Podemos ver uma lógica nas reações de grupos profissionais semelhantes que vivem
experiências parecidas, mas não podemos predicar nenhuma lei. A consciência de
classe surge da mesma forma em tempos e lugares diferentes, mas nunca exatamente
da mesma forma (THOMPSON, 1987:13)
As experiências das mulheres na produção extrativa têm sido mascaradas pelo
ocultamento, tentativa de silenciar os fatos, nestes casos, tanto pelas populações locais e das
próprias mulheres, quanto por parte de estudiosos desse campo do conhecimento. Para
Simonian (1997), em algumas poucas atividades extrativas, a "invisibilidade" e as tentativas de
silêncio e negação não se colocam como problemas para as mulheres. Entretanto, pelo baixo
valor econômico de tais atividades, as mesmas são igualmente discriminadas e oprimidas
(SIMONIAN, 1997).
6. Considerações finais
Com a pesquisa de campo e levantamento bibliográfico sobre a produção científica desta
atividade, a qual nos propomos a estudar, podemos considerar que a história da participação da
mulher na produção do óleo essencial extraído do pau-rosa, no Amazonas e no Pará, ainda está
por construir, e este trabalho tem por objetivo contribuir no sentido de chamar atenção da
academia para tomar esta atividade como objeto de pesquisa, haja vista que esse período é parte
integrante da história econômica e social da Amazônia, ainda que silenciada.
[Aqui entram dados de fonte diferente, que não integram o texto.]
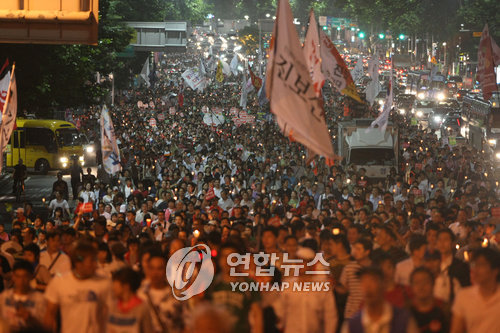 <`6.13' 이후 촛불집회, 앞으로 어떻게 되나> -연합뉴스 행진하는 촛불 문화제 참가자 (서울=연합뉴스) 최재구 기자 = 13일 미국산 쇠고기 수입 반대 촛불 문화제에 참여한 시민들이 서울 시청 앞에서 여의도로 행진하고 있다. jjaeck9@yna.co.kr (서울=연합뉴스) 장재은 기자 = 대규모 인파가 모여든 `6.10 촛불대행진' 이후 향후 촛불집회의 향배를 가늠해볼 수 있는 분기점으로 여겨졌던 13일 집회 주최 측은 경찰 예상을 뛰어넘은 규모의 시민들이 집회에 참여하면서 기세를 재확인했다는 평가를 내리고 있다. 그러나 이날 보수 성향 단체들의 촛불반대 시위에 따른 일부 충돌 양상과 화물연대 파업을 비롯한 일련의 노동계 투쟁에 따른 국가경제 불안, 정부의 쇠고기 추가협상과 향후 민심수습 대책 등이 맞물리면서 촛불집회의 앞날은 여전히 유동적이라는 분석도 나오고 있다. ◇ 격화론 = 2002년 미군 장갑차에 깔려 숨진 고(故) 효순ㆍ미선양의 추모제를 겸해 열린 13일 촛불집회에는 최소 1만5천여 명(경찰 추산, 주최 측 3만여 명)이 모여 미국산 쇠고기 수입의 전면 재협상 등을 촉구했다. 경찰은 당초 약 7천명이 참여할 것으로 예상했다. 40여 일간 계속된 집회로 시민들이 피로감을 보이고 있는데다 앞선 11일, 12일에는 수백 명이 모였다가 일찍 해산하는 등 촛불집회가 소강국면에 들어서는 조짐을 보인 상황이어서 이날은 향후 집회와 시위의 강도를 미리 점쳐볼 수 있는 잣대로 주목을 받았었다. 광우병 국민대책회의는 이날도 많은 시민들이 참여해 집회와 거리시위가 이뤄진 것은 정부의 `추가협상' 방침이 본질을 외면한 미봉책에 불과하고 궁극적인 해결책은 `전면 재협상' 밖에 없다는 점을 재차 확인하는 것이라고 주장하고 있다. 20일까지 정부가 전면 재협상에 들어가지 않으면 정권퇴진 운동을 불사하겠다는 입장인 국민대책회의는 이런 기세로 볼 때 정권에 대한 비판과 저항이 더 격화하고 쇠고기 수입 문제에서 벗어나 교육, 대운하, 공기업 민영화 등으로 의제가 다양화할 것이라는 관측을 내놓고 있다. 아울러 민주노총이 14일까지 총파업 찬반 투표를 실시, 향후 총파업에 돌입할 경우 미국산 쇠고기 수입을 반대하는 흐름에 조직적으로 가세할 가능성이 높은 점도 촛불집회의 동력을 더욱 강화할 수 있는 요인으로 분석되고 있다. 이런 상황에서 정부의 추가협상 내용이 알맹이가 없다고 시민들이 판단한다면 촛불시위가 더욱 격화할 것이라는 관측도 나온다. ◇ 진화론 = 하지만 최근 부쩍 늘어난 보수 성향 단체들의 맞불집회와 마냥 흔들리기만 하는 국정에 대한 상당수 국민의 우려 등 `촛불의 열기'를 식힐 수 있는 변수들도 많은 상태여서 격화론에 제동을 걸고 있다. 보수단체들을 주축으로 "촛불집회 때문에 국가위기가 왔다"는 주장이 본격적으로 제기되는 가운데 일반 시민들 사이에서도 "시위가 정도를 넘어 사회 불안을 초래하고 있다"거나 "얻을 수 있는 만큼 얻었으니 이제 그만하자"는 우려와 목소리가 촛불집회 초반보다 많이 나오고 있다. 사상 유례없는 유가와 원자재가 상승, 화물연대 파업에 따른 물류 마비 등 사회에 악재가 계속 이어지고 있지만 정부나 정치권이 제 역할을 제대로 하지 못하고 있어 이대로 가다간 자칫 `총체적 난맥'에 빠지는 것 아니냐는 걱정도 퍼지고 있다. 아울러 보수 성향 단체들과 물리적 충돌이 빈발할 경우 사회분열과 안전을 우려하는 인식이 확산되면서 그동안 가족, 연인 단위가 주축을 이뤘던 촛불집회 참여자들이 현저히 줄어들 것이라는 예측도 일각에서 내놓고 있다. 촛불집회 참여자들이 초기 고교생이나 주부, 가족, 자영업자 등 `무정형 그룹'에서 점차 노조와 대학생 및 이익집단 등의 조직적인 참여가 두드러지는 양상으로 바뀌고 있다는 분석이 나오는 것도 가족단위 참여자들에겐 부담이 될 수 있다. 이날 서울시의 가로 정비 사업에 반발하는 전국노점상연합회가 무려 8천500여명의 노점상을 집회에 동원한 점이 경찰이 당초 예측했던 것보다 훨씬 많은 인원이 참여하는 계기가 됐다는 것이다.
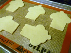 Roll the dough, on a lightly floured surface or between sheets of plastic wrap, to about 1/4″ thick (or a little thinner).  Cut into desired shapes.  Place on an ungreased cookie sheet, parchment paper or silicone baking mat.

Talvez seja uma
peça do quebra-cabeça que falta para compreender novas questões no que concerne ao trabalho
na região. A documentação sobre a dimensão mais ampla da vida das mulheres das usinas, ou
seja, sobre o seu cotidiano é, igualmente, quase inexistente quanto às dos homens. Mas alguns
informes, confirmam que participação da mulher no processo de produção da essência, não só
antiga, como persistente em muitas outras áreas. A discussões aqui apresentadas considera que
as mulheres internalizam a ideologia que trata as atividades extrativistas como masculinas, em
detrimento de seus próprios interesses e potencial enquanto força de trabalho ativa e produtiva.